11 responses so far ↓

  • 1 JuliaM // Jul 10, 2012 at 10:03 am

    Well, we shouldn’t be hasty. Contraception isn’t 100% effective.

    Or she might come from a long line of careless people…

  • 2 PaulB // Jul 10, 2012 at 10:10 am

    Competent use of contraception is not an adaptive trait.

  • 3 Martin Davies // Jul 10, 2012 at 11:35 am

    Some people seem to use abortion, whether legal and approved by a doctor or not, as a means of contraception. Not a choice some would make.

  • 4 Steve // Jul 10, 2012 at 11:40 am

    And she says the pro-life people are “vile” and “grotesque”…

    PS – I knew it was going to be The Guardian even before clicking on the link.

  • 5 John B // Jul 10, 2012 at 12:03 pm

    And don’t millions of woman World wide have abortions every day – you know the ones where suddenly a lot of blood appears in loo instead of pee or in the hole in the ground – where “God” has decided that little fertilised egg has no right to be, or a developing foetus is malformed and “God” thinks it should not be.

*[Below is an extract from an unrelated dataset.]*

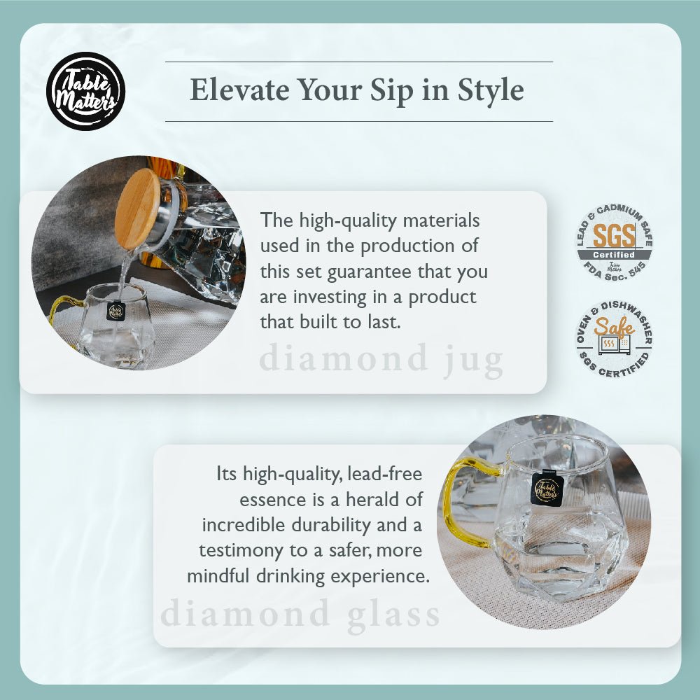What makes the TAIKYU Gold Handle Diamond Jug a crowning jewel is its extraordinary resilience against a spectrum of temperatures. Navigate through the seasons with unwavering confidence. serving a kaleidoscope of beverages. be it the warmth of hot drinks or the coolness of refreshing concoctions. Bask in the durable excellence of this masterpiece that thrives in versatility. ideally suited for an array of beverages. from the simplistic charm of infused waters to the refined elegance of exquisite wines.

    Of course these are called a “miscarriage” and being “natural” are OK, but in fact the correct name is abortion irrespective of who is doing it.

    Tim adds: No, sorry, you’re wrong.

    Abortion has a specific meaning. The deliberate removal of a foetus from the womb before term. Thus RU 486 and a Caesarian section are both abortions. A miscarriage is not.

  • 6 Surreptitious Evil // Jul 10, 2012 at 12:31 pm

    Abortion has a specific meaning. The deliberate removal of a foetus from the womb before term

    John B may be wrong, Tim but, according to the OED, so are you:

    The act of giving premature birth with loss of the fetus, esp. (& Medicine) in the period before a live birth is possible

    Even if a C/S results in the death of the child, it wasn’t the intention therefore it isn’t an abortion. RU486 may be an abortion – if it is being used emergency contraception then we don’t yet have a fetus therefore, strictly, it isn’t.

  • 7 dearieme // Jul 10, 2012 at 12:35 pm

    I assume that the expression “spontaneous abortion” is quite old. No?

  • 8 PaulB // Jul 10, 2012 at 12:36 pm

    In medical terminology, abortion is as John B says. Doctor-speak for “abortion” in Tim W’s sense of the word is “termination”.

  • 9 David C // Jul 10, 2012 at 6:30 pm

    The comments on the Guardian piece seem to come overwhelmingly from a simplistic ‘choice is right’ angle, with no comprehension of the moral complexities of the issue. But I suppose that’s what we’d expect from the Gruniads.

  • 10 Martin // Jul 10, 2012 at 11:03 pm

    Tim,

    Well said.

    Bill,

    You might be right – I have a younger sister whose cause of death was listed as ‘spontaneous abortion’ on her death certificate. That was in 1973.

  • 11 So Much For Subtlety // Jul 10, 2012 at 11:58 pm

    PaulB – “Competent use of contraception is not an adaptive trait.”

    Yeah but it is usually part of a package deal where you also can’t use financial planning competently as well as a whole range of other features of modern life. And I would hazard a guess that the incompetent use of power tools outweighed any benefits from incompetent use of birth control.